In the United Kingdom, many people have chosen to buy new cars in other EU member states, where pre-tax prices are much lower than in the UK, and then import them into their own country, where they only pay the UK's rate of value added tax (VAT). This is especially the case in Northern Ireland, as pre-tax prices in the Republic of Ireland are kept low because of a vehicle registration tax levied on top of VAT. Other UK buyers can also request a model in RHD when ordering from a dealer in continental Europe for a small supplement. Motor dealers in the EU are compelled under EU competition law to supply right-hand drive models at the same price as left-hand drive models should a buyer request it. Strictly speaking, such imports are known as parallel imports.

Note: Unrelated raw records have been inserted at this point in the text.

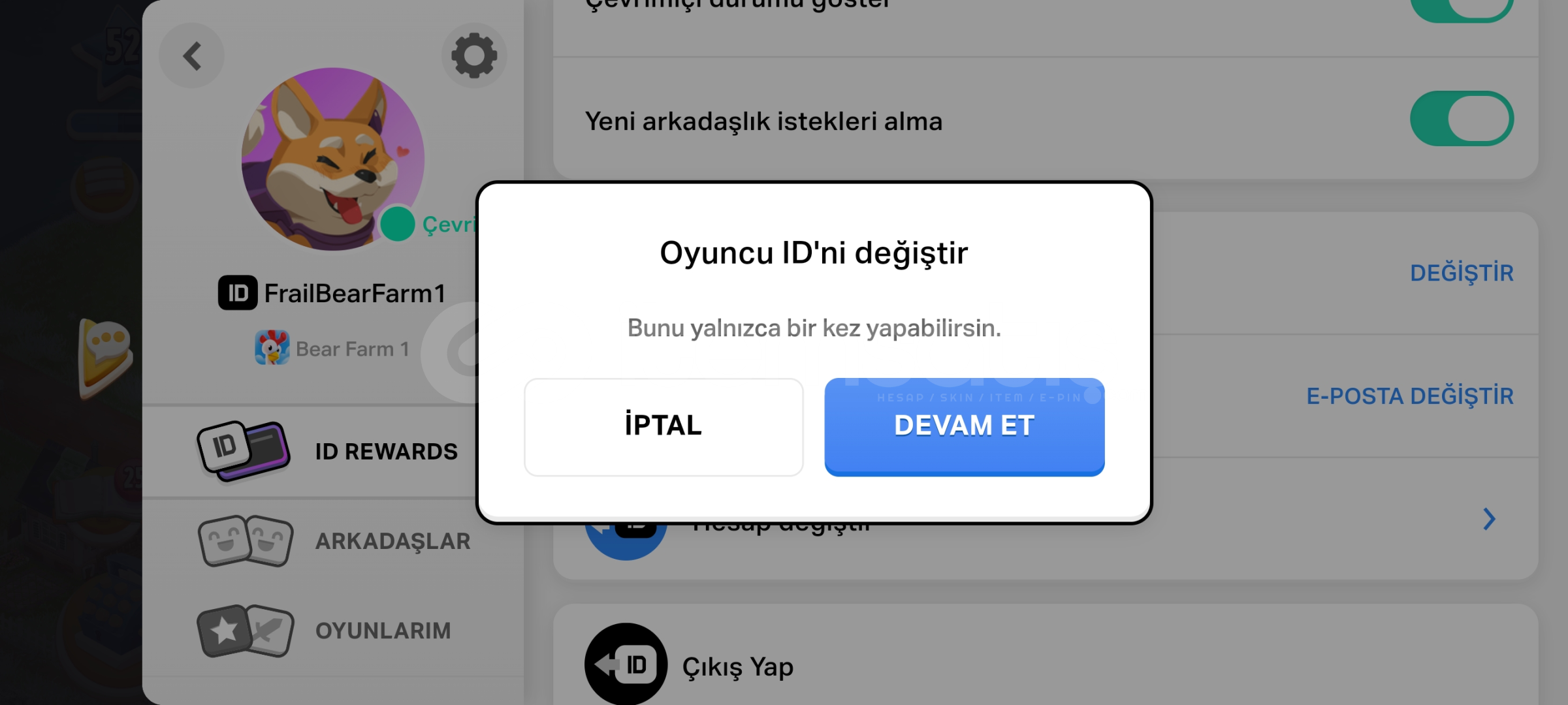 1 KERE SUPERCELL İD DEĞİŞTİRME HAKKI VARDIR
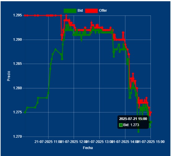 15,00hs 📉Cierre del Dólar Divisa: Bid 1273,00 Offer 1275,00 cotización entre Bancos. Sin volumen, cae $ 15,00 en la última hora, por la influencia del BCRA, en los futuros largos. A estos niveles, aprovecharía de cerrar IMPO
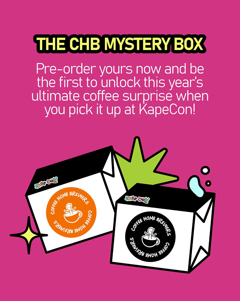 The CHB Mystery Box is a curated collection of coffee, coffee gear, and coffee lovers merch. Each box contains beans, shirts, accessories, and other items from our brand partners. PRE-ORDER NOW and claim at the KapeCon 2025 event!
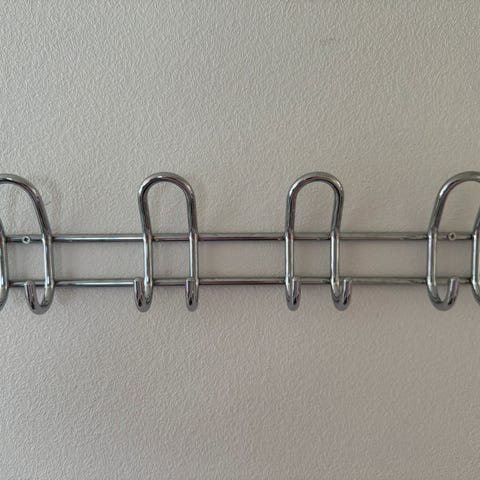 Flot krom knagerække med 12 multifarvede knopper. Passer perfekt ind i børneværelset, gangen eller bryggerset til ophæng af overtøjet. Der medfølger skruer og rawplugs til ophæng.

Warranties on new cars bought in an EU member state are valid throughout the EU, meaning that a UK resident who has bought a new car in another member state and then imports it into the UK will be covered by the same warranty. However, whereas UK warranties tend to be for three years, those in other EU countries may be only for one or two.

There are also some Japanese imported cars found in the UK, with the most popular being the Mazda Eunos Roadster, Nissan Figaro and Mitsubishi Pajero as well as performance cars such as Nissan Skylines, Mitsubishi FTOs and highly tuned Subaru Impreza and Toyota Supra variants that were never officially imported into the UK. These cars tend to be cheaper than official UK imports, but often have better Japanese domestic market specification levels by comparison. The range of Japanese vehicles in the UK is continually rising as UK customers see the high spec, low-mileage Japanese vehicles on the roads. Each month new models are being imported by dealers and rapidly become popular on the UK market.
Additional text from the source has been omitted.